Why do people want to explore CSVs locally anyway?
CSVs have one big advantage: they’re easy to open and play with. You don’t need a database. You don’t need an internet connection. The data is just there. You can quickly scroll through it, search for patterns, and get a feel for what’s inside. There’s something powerful about being able to visually scan raw data.
1️⃣ Fast, Direct Access to Data
When data is in a database, you can’t just open it and look at it. You have to write a query, which means knowing what you’re looking for in advance. CSVs let you explore freely.
2️⃣ No Setup Required
There’s no database to configure, no credentials to manage. If you have the file, you can open it. That’s why so many datasets are shared as CSVs—even though they aren’t ideal for large-scale processing.
3️⃣ Good for Debugging and Spot-Checking
Sometimes, you don’t need to analyze the whole dataset. You just need to spot-check a few values, see what the column names are, or get a quick sense of the data structure. With a database, this takes multiple queries. With a CSV, you just open the file.

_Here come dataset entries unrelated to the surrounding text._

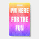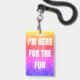 Handy cruise ship lanyard to attach your cabin stateroom key card to. Ask on the ship for your card to be punched. Fun and festive blue "I'M HERE FOR THE FUN" funny cruise ship badge. Great for first time cruisers to frequent cruisers who just want to have fun! Pink and other fun colours.
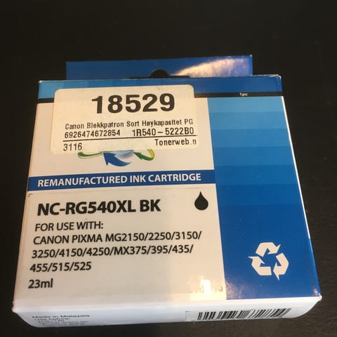 Det følger med 5 blekkpatroner som ikke er åpnet (de som er i printeren tror jeg har tørket ut).
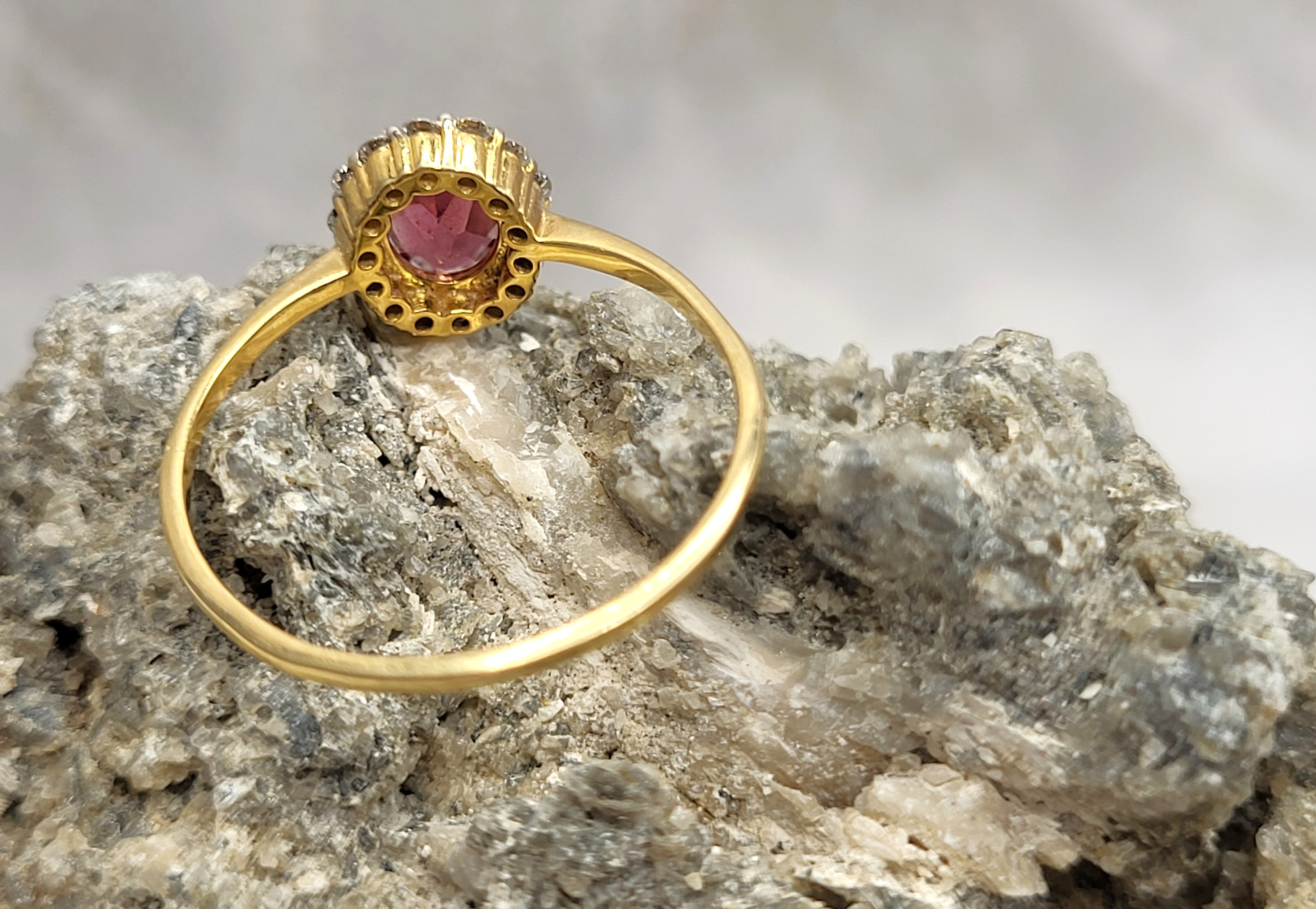 A whisper of blush, framed in fire. This 0.75 ct oval pink tourmaline glows from a halo of round, brilliant-cut diamonds (.14 ctw, H-I color, SI2-I1 clarity), set in 14K yellow gold. The firm shank wire and size 6.5 fit make it a minimalist’s dream—soft-spoken, but unforgettable. See sizing details and other information below. AdminCode: NRL211.nnn
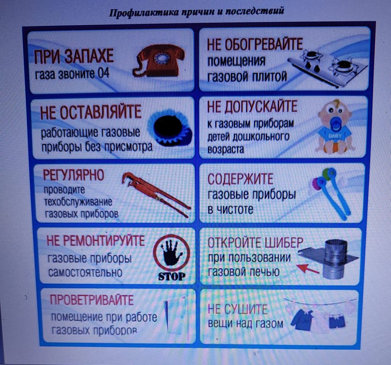2. При появлении запаха газа закройте все газовые краны, проветрите помещение, не зажигайте огня, не включайте и не выключайте электроприборы, вызовите аварийную бригаду по тел. 04.
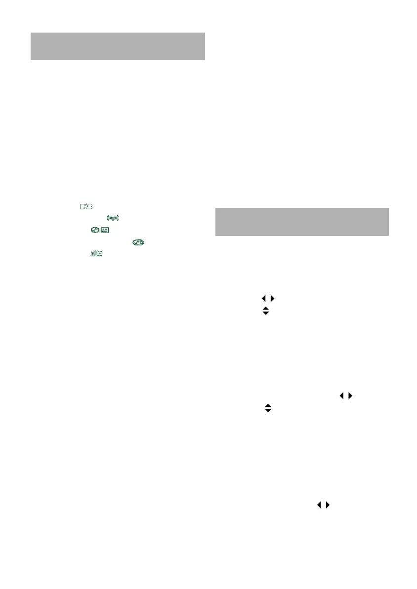 the chosen source (Tape, CD, CDC, DAB).
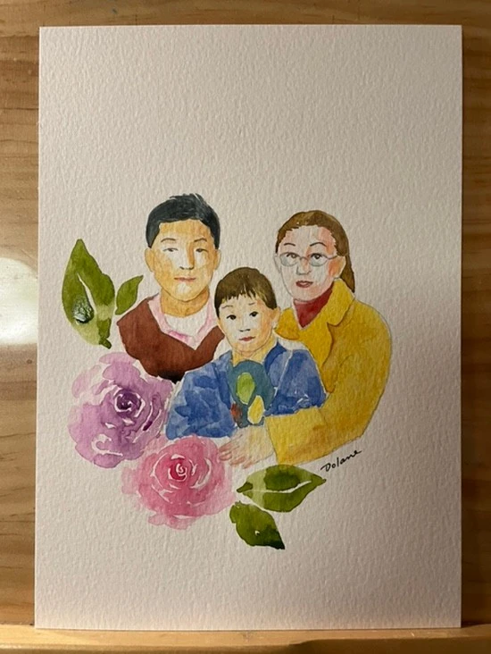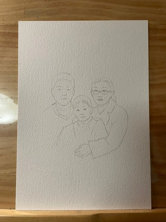 약 23년 전, 롯데월드에서 찍은 가족사진이 색이 다 바래져 몇 년 전에 수채화로 그리긴 했으나 영 마음에 들지 않았다. 그래서 다시 시도하니 꽤 괜찮게 그려졌다.

4️⃣ Works in Any Environment
CSVs are universal. They work on Mac, Windows, Linux. You don’t need special software. Even if your normal tools fail, you can still process them with basic command-line utilities.
—
That said, if you’ve ever tried to open a multi-gigabyte CSV locally, you’ve probably dealt with slow loading times, unresponsive applications, and even system crashes. This post explores why that happens, both from a technical and user experience perspective, and what you can do about it.
The UX nightmare of large CSVs
Downloading a Large CSV: A Slow, Painful Process
Let’s say you need to work with a big dataset. You download a 5GB CSV. What happens?
First, the download takes forever.
Some cloud services won’t even let you download a file that big. Google Drive, for example, might force you to zip it first, which means you now need twice as much disk space to store it.
Then you try to open it.
On a Mac: The default app is Numbers, which tries to load the whole thing into memory. If the file is too big, you’ll just get the spinning beach ball of death.
On Windows: Excel has a hard row limit of 1,048,576 rows. If your file is bigger, it either truncates or crashes.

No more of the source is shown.